1. A yieldable mine support fixture for use in stabilizing the geologic mass of an underground passage, said fixture being disposed in a borehole and comprising: a support member having an end portion anchored in a borehole in the geologic mass of the mine passage; a tapering surface at the opposite end portion of said support member, the tapering surface being spaced from contact with the borehole and diverging away from the opening to the borehole; and a support plate positioned to be free of contact with the borehole and having an opening surrounding and initially engaged with the small end of said tapering surface and presenting a surface area surrounding said opening to the borehole in supporting engagement with the geologic mass to receive the reaction of the geologic mass to the deformation of the mine passage, said tapering surface and said opening in said support plate cooperating in response to tensile strain in said support member to stabilize the geologic mass by relative movement of said support plate opening along said tapering surface to hold substantially constant the restraint to movement of the geologic mass axially of the support member.

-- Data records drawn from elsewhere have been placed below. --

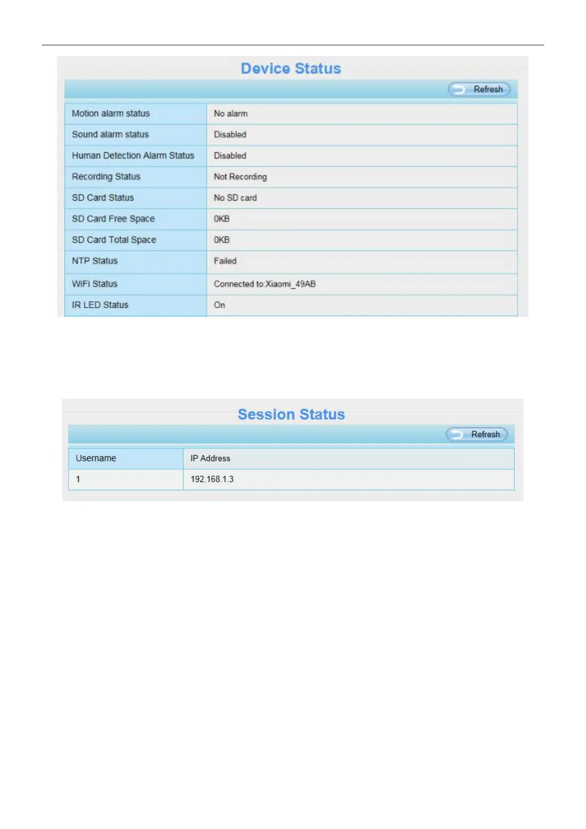 Session status will display who and which IP is visiting the camera now.
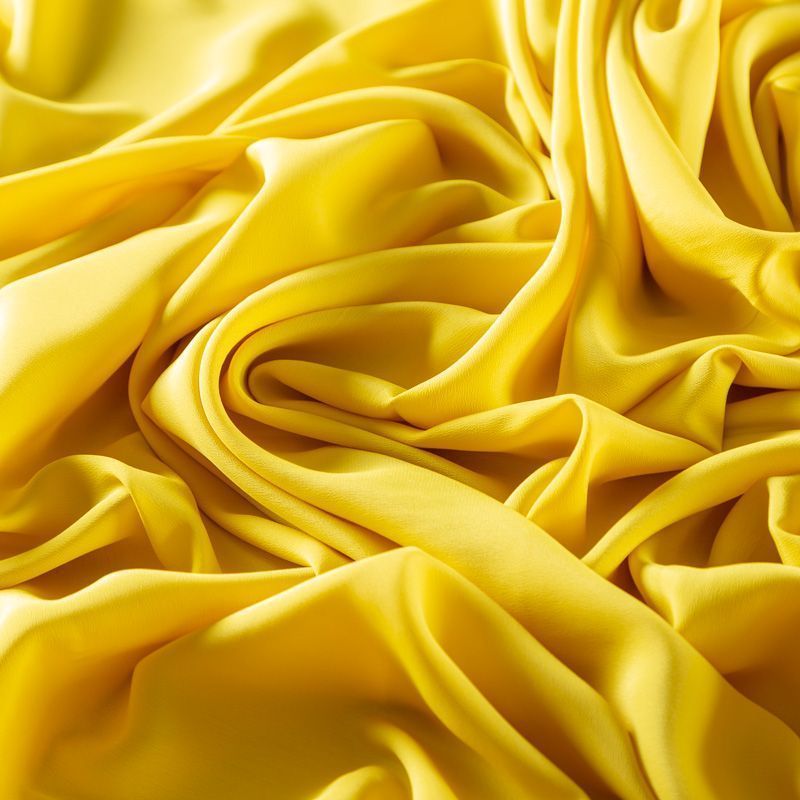 Итальянский натуральный шелковый крепдешин в желтом оттенке, фактурный, легкий и струящийся, слегка просвечивает, отлично драпируется. Идеально подойдет для пошива платьев и сарафанов расклешенных моделей, с воланами, летящих юбок, топов, блузки, юбки, широких брюк, костюма в пижамном стиле.
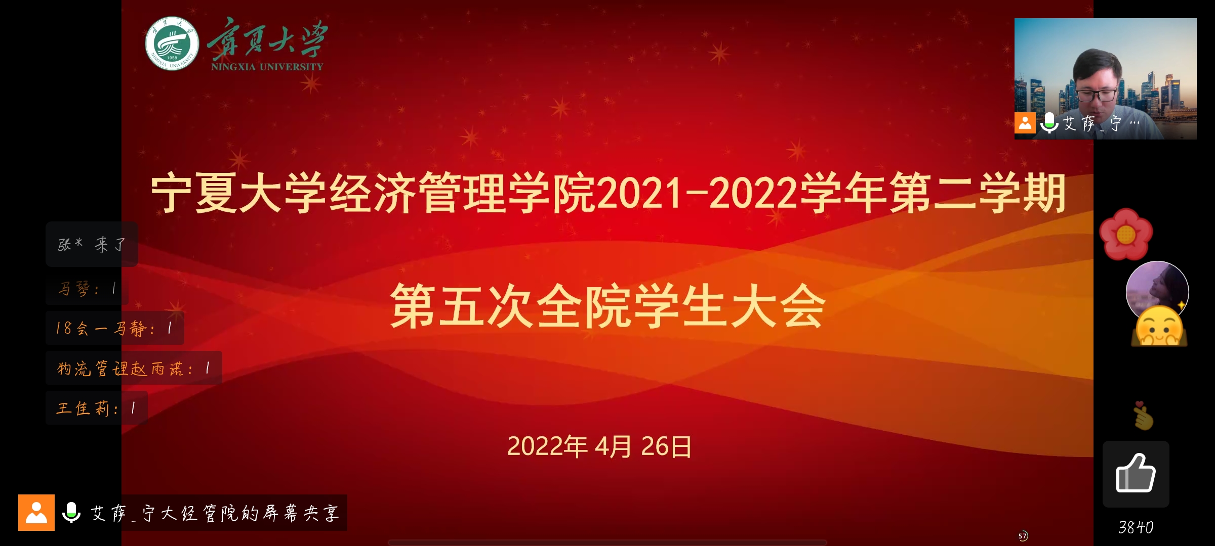 党委副书记马建宏、常江,教学科研办公室副主任梁非凡,党建秘书姚硕,学生工作办公室辅导员艾萨•阿尤普、孙文元、禹文杰,李立朋、李杨等教师,学院全体本科生、研究生参加会议。会议由艾萨主持。
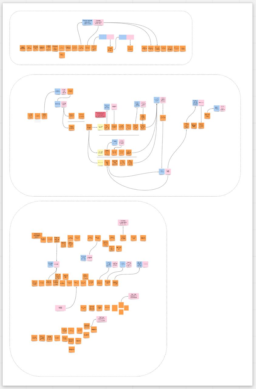 Ниже пример ретроспективы полугодового проекта. Event Storming помог увидеть отдаленые причины, первичные события, которые в итоге привели к тяжелому релизу. Мы склонны видеть симптомы, снимать симптоматическую «боль», чуть реже нам свойственно и лечить болезнь. Что действительно тяжело, так это оследить каким образом пришли к болезни.
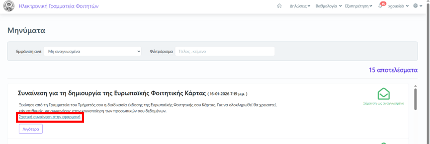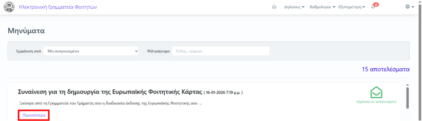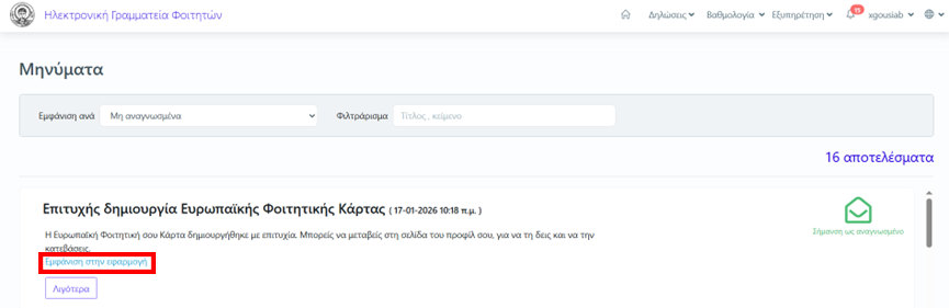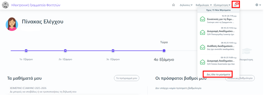2. Είτε να δούμε σχετική ειδοποίηση μέσα στο περιβάλλον students.auth.gr, επιλέγοντας στις Ειδοποιήσεις Δες όλα τα μηνύματα.
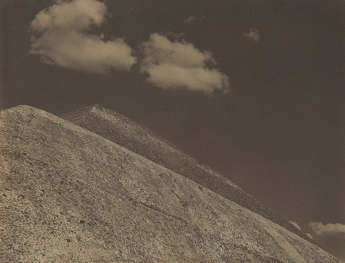 Edward Weston made an excursion to the Pre‐Columbian archaeological site at Teotihuacán in November of 1923, accompanied by a small group of artists and friends and ‘three cameras, good food, and plenty of wine’ (Daybooks, Mexico, p. 33). The massive Pyramid of the Sun, the center of the ancient city of Teotihuacán, was then, as now, one of the most significant surviving monuments of Mesoamerica, and Weston photographed it from two different vantage points. The view most frequently reproduced is the Pyramid from a distance (Conger 108); far scarcer is the present view, which, in Weston’s treatment, transcends the documentary to achieve a more profound of visual experience.
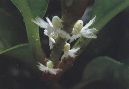 若蟲共4齡。初孵若蟲比較活潑,在茶蓬下陰處嫩葉背面取食活動(dòng),一、二齡若蟲喜群聚在徒長(zhǎng)枝或中、下部嫩枝取食,一處常達(dá)10余頭到數(shù)十頭。三、四齡若蟲逐漸分散并向茶叢中、上部枝上轉(zhuǎn)移,一枝上三四頭固著刺吸,而新芽梢上卻很少。若蟲每次蛻皮前遷移到葉背,蛻皮后又爬至嫩梢固定取食,并分泌白色絮狀物,逐漸將蟲體覆蓋,外觀像一堆棉絮狀物。若蟲善跳,受驚即彈跳逃逸,常留下白色蠟絲。
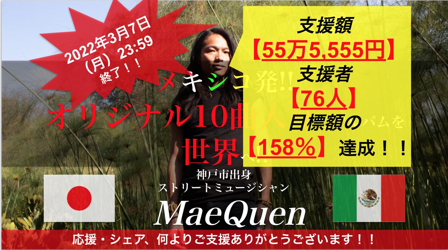 こんにちは。【メキシコでのストリートミュージシャン生活!集大成となるアルバムを創りたい!!】プロジェクトオーナーのMaeQuenこと前田健吾(まえだ・けんご)です。さて、昨晩、日本時間の3月7日(月)23:59に、無事クラウドファンディングが終了致しました。・支援総額:55万5,555円・支援者数:76人・目標金額:158%お陰様でなんと、な、な、なんと、、、目標金額の“158%”を達成することができ、大成功で幕を閉じることができました!!極め付けは、76人もの支援者様から、【55万5,555円】という、美しい”5”という数字の並びのご支援を頂けたこと。余談ですが、自分の名前に”ご”が入っていたり、英語の”GO”のように目標に向かってひたむきに向かっていく響きがあって、それも含めてこのプロジェクトの達成は、忘れられない瞬間になりました。応援してくださっている皆様も楽しめるようにとできる限りのことは尽くしてきましたが、この30日間お楽しみ頂けたでしょうか?SNSや口コミなどなど、沢山のシェア拡散もしてくださり、本当にありがとうございました!!ほぼ毎日ご支援者さまが現れてくださり、コメント欄でも暖かいお言葉や励ましのお言葉を沢山頂戴し、本当に大きな力となっておりました。感謝の気持ちでいっぱいです。皆さんへの感謝の気持ちと今後の流れについて、以下のYouTubeビデオにて伝えさせていただいています。もしよろしければ、こちらもご覧ください↓↓【いただいたご支援について】さてさて、先ほど支援していただいた資金の早期振り込みを申請し、合計46万円ほどが近々振り込まれる予定です。有難いことにストレッチゴールを達成できたお陰で、サポートドラマーをお願いできるなど、より高いクォリティで音源を作れそうです。恐らく音源の製作費全体で、35万円程度になるかと思っています。残りの費用は、リターンや送料などに当てさせていただき、余った場合は機材の費用に充てたいと思います。それも、総勢76名の皆様からの貴重なご支援のお陰です。改めて、本当にありがとうございます。【リターンについて】オンライン系のリターンについて、近いうちに案内のメールを送らせていただきます。ポストカードやアルバムなどの物販系に関しましては、今年6月頃の発送を予定しています。少し間が空いてしまいますが、気長にお待ちいただけると有難いです。【今後の流れについて】順調にいけば、3月下旬からレコーディングを開始して、4月末には音源が完成、5月末にCDが手元に届くという流れになっております。ちなみに、僕自身は6月頃に帰国する予定です。お時間ある方、一緒に飲みに行きましょう!但し、世界情勢が不透明な昨今は航空運賃も値上がり、通貨の動きも不安定ですので、リターンの発送や帰国時期など、ズレることもあるかもしれません。また、慣れないメキシコでの仕事という面も、そこに関わってくるかと思います。予め、ご了承いただけると幸いです。【アーティスト・MaeQuenについて】6月に帰国して以降は、しばらくの間日本に滞在する予定です。が、僕は世界各国でインスピレーションを受けながら、自分オリジナルの音楽を創っていきたい。他にも、TinyDeskConcert出演や国歌斉唱など、色んな夢がまだまだあります!その道すがらを、僕と一緒に楽しんで頂けたら、嬉しいことこの上ありません。このクラファンを経て、僕の本当の挑戦は始まると思っています。SNSなどを通じて音源や活動の様子を発信していきますので、これからもぜひ、一緒に楽しんでいきましょう!!ではでは!!【Twitter】@maeekenn-maekenhttps://bit.ly/39n833e 【Facebook】@MaeeeeeeeeKeeeenhttps://www.facebook.com/MaeeeeeeeeKeeeen-104894821209809?locale=ja_JP【Instagram】@maequen_uuwwaarhttps://instagram.com/maequen_uuwwaarr【SoundCloud】@Mae-Quenhttps://soundcloud.com/mae_quen_mexico【You Tube】@MaeQuen-Channelhttps://www.youtube.com/channel/UCRjBLI0BxhdSEjp0IQS9kOQ【note】https://note.com/maeekennクラファンページはコチラ↓↓【メキシコでのストリートミュージシャン生活!集大成となるアルバムを創りたい!!】https://camp-fire.jp/projects/view/550255オリジナル曲↓↓

2. The yieldable mine support fixture according to claim 1, wherein said opening in said support plate is circumferentially flawed by interruptions in the periphery of said opening.
3. The yieldable mine support fixture according to claim 1 wherein said tapering surface divergence varies from about 1° to about 15° for developing a controlled movement of said support plate.
4. The yieldable mine support fixture according to claim 1, wherein said tapering surface diverges at a substantially constant angle of 5° for developing a controlled movement of said support plate.
5. A yieldable mine support fixture for use in stabilizing the geologic mass in a mine passage, said fixture being disposed in a borehole and comprising: a support member having a first end portion anchored in a borehole and a second end adjacent the mine passage; a flange formation at said second end; elongated resistance means on said support member spaced from the borehole and being adjacent said flange formation having a surface which, from a zone of origin spaced from said flange formation, enlarges circumferentially as it extends toward said flange formation; and a mine support plate free of contact with the borehole and having an opening initially surrounding and engaged with said resistance means adjacent its zone of origin, said support plate being movable axially along said elongated resistance means to yield to the load imposed axially thereon by the geologic mass, whereby said support plate opening and resistance means cooperate to impose a progressively increasing resistance to movement of the geologic mass axially relative to said support member.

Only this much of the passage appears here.